The 2026 State of Pets in Rental Housing Report, based on feedback from 673 property managers and leasing professionals primarily within the multifamily and single-family sectors, details the effects of pet-inclusivity in the modern rental-housing world.

While 71% of U.S. households own a pet, according to the American Pet Products Association, PetScreening data shows that only 43% of renters report owning one. This figure is nearly 30 percentage points lower than the pet ownership rate reported by housing operators, suggesting that many pets in rentals may be unauthorized or underreported. The report aims to assess reasons for the disparity and ways operators can resolve related challenges.

Trends and data in the 2026 state of pet rentals report shows pet ownership and rental cooperation are rising but challenges exist.

While the rates of pet ownership in rentals continues to rise, operational challenges persist, as operators report pet damage and unauthorized pets are among the primary issues they face at their properties.

“Despite any operational challenges, the survey underscores the clear benefits of welcoming pets at rental communities,” said John Bradford, founder and CEO of PetScreening. “When pet strategies are optimized to embrace pet-inclusivity and reflect the desires of the modern renter, the advantages become more pronounced in the form of a wider resident pool, stronger retention and increased revenue.

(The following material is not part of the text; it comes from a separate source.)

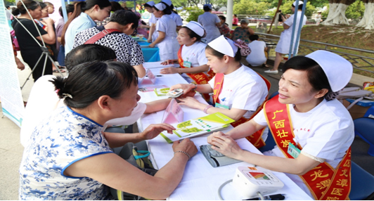5月7日,我院共派出6名护理骨干组成的服务队参加了柳州市5.12国际护士节“牵手天使,共创健康”大型户外义诊活动。我院以“结核病护理及健康指导”为此次义诊活动主题,重点宣传了结核病防治知识,展示了医院护理工作人员扎实的专科理论知识和良好的服务态度。本次义诊活动为柳州市市民免费测血压共200多人次、免费开出DR照片单子共100多人次。我院服务队以真诚的“爱心、耐心、细心、责任心”认真对待每一位群众,树立了白衣天使良好的社会形象,得到了广大市民的赞誉与好评。

While the industry still can make significant headway, property managers are doing a commendable job of bridging the gap.”

Some of the gap between the overall U.S. pet ownership rate and the percentage of renters who say they own pets may be attributable to unauthorized and underreported pets onsite. This highlights the importance of accurate tracking, which can help operators collect their rightful pet-related revenue and avoid potential risks associated with unauthorized pets.

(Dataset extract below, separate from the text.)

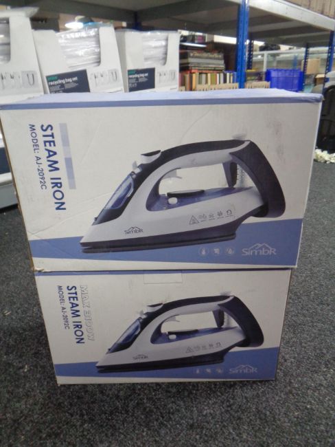 Two boxed Simbr steam irons

Digging into the Data: Popular Amenities, Common Restrictions

The survey also noted that pets are an increasingly key driver in renter decision-making, as renter search data from Apartments.com showed that more than half of renters utilizing pet filters search for dog-friendly communities. The most cited pet amenities offered by survey respondents included pet waste stations (45%) and pet parks (35%)—functional offerings that were significantly more prevalent than experiential features such as dog-walking services (24.9%) or pet-focused events (11.2%).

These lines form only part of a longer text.